## Recorded information
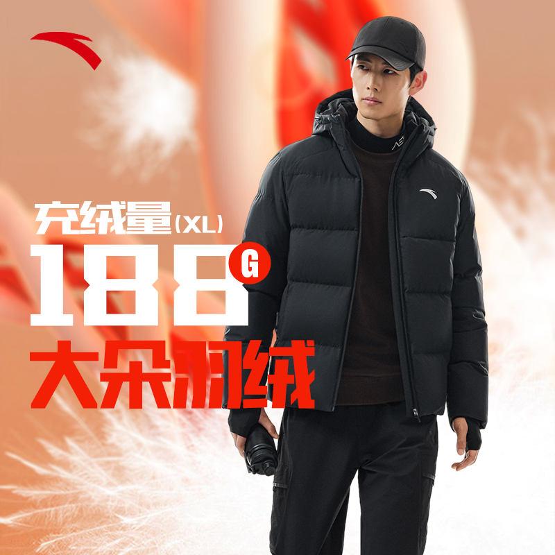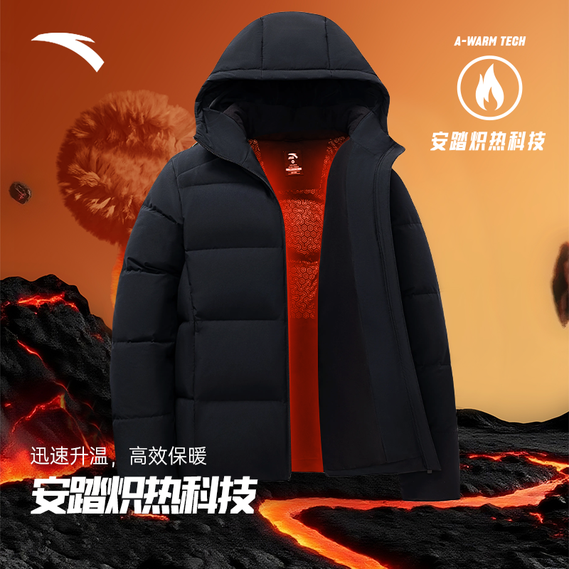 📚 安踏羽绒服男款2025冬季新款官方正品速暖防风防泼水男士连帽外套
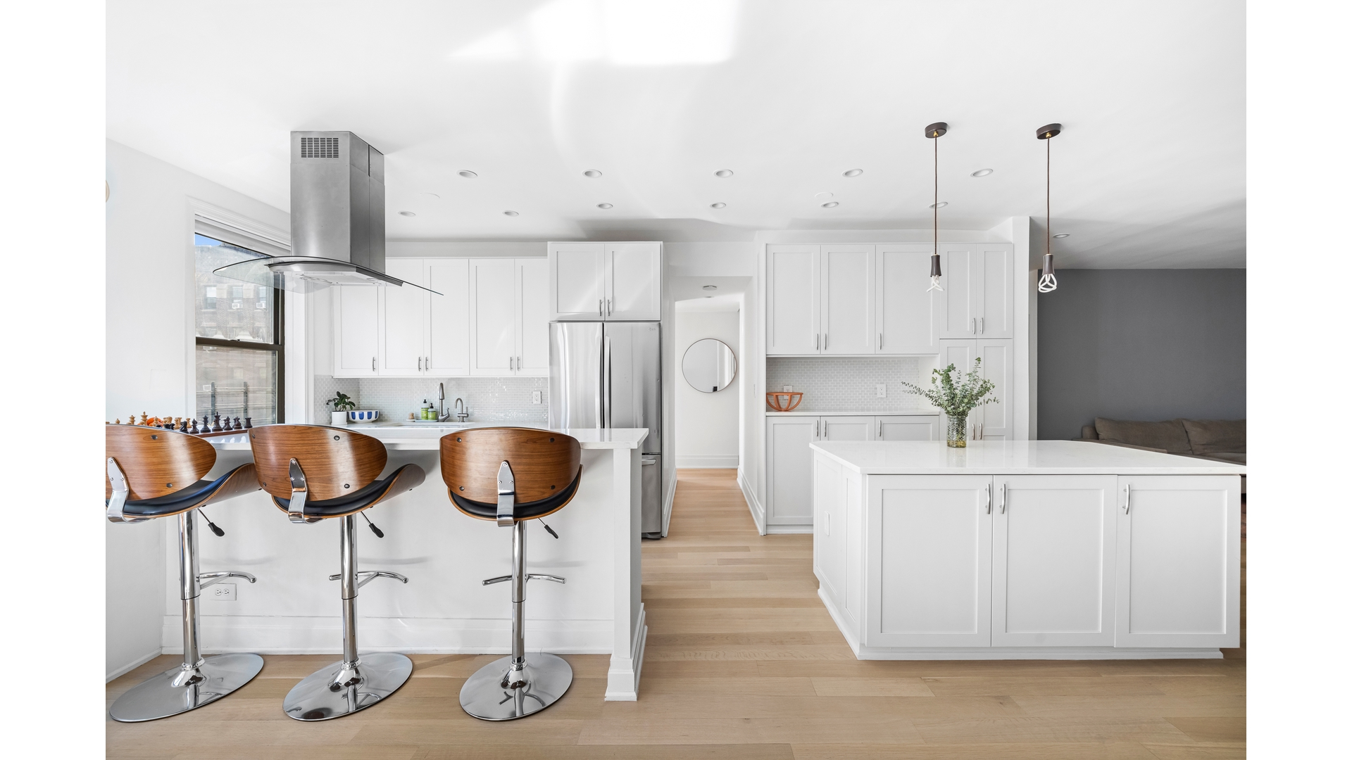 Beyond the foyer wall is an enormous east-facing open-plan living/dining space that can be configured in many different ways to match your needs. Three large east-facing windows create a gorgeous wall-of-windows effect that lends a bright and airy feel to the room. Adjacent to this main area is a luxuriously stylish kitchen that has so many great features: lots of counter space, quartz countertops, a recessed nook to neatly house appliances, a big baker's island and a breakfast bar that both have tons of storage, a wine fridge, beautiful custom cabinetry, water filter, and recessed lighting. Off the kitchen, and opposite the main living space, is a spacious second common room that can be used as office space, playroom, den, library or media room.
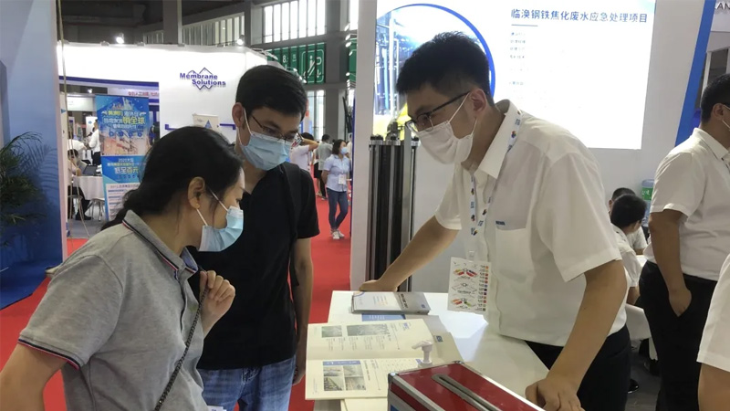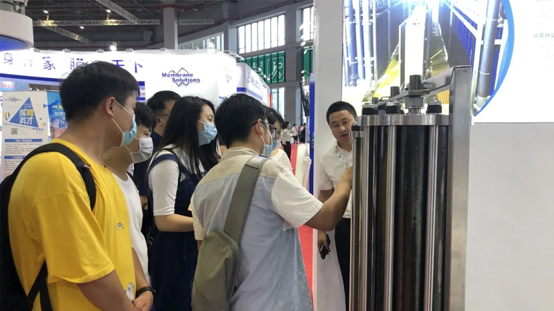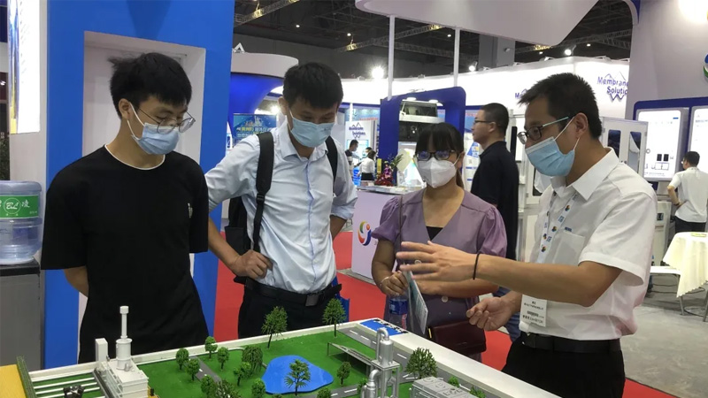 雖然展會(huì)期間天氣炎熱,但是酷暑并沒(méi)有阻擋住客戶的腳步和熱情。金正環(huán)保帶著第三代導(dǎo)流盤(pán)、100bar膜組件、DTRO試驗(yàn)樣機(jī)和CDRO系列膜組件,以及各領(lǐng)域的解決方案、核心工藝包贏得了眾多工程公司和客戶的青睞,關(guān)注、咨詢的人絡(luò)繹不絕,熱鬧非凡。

## Task details
Exactly as written, give again every line from the one containing "Beyond the foyer" through the last line of the material, both included, with the pictures left out.

## Task response
 Beyond the foyer wall is an enormous east-facing open-plan living/dining space that can be configured in many different ways to match your needs. Three large east-facing windows create a gorgeous wall-of-windows effect that lends a bright and airy feel to the room. Adjacent to this main area is a luxuriously stylish kitchen that has so many great features: lots of counter space, quartz countertops, a recessed nook to neatly house appliances, a big baker's island and a breakfast bar that both have tons of storage, a wine fridge, beautiful custom cabinetry, water filter, and recessed lighting. Off the kitchen, and opposite the main living space, is a spacious second common room that can be used as office space, playroom, den, library or media room.
 雖然展會(huì)期間天氣炎熱,但是酷暑并沒(méi)有阻擋住客戶的腳步和熱情。金正環(huán)保帶著第三代導(dǎo)流盤(pán)、100bar膜組件、DTRO試驗(yàn)樣機(jī)和CDRO系列膜組件,以及各領(lǐng)域的解決方案、核心工藝包贏得了眾多工程公司和客戶的青睞,關(guān)注、咨詢的人絡(luò)繹不絕,熱鬧非凡。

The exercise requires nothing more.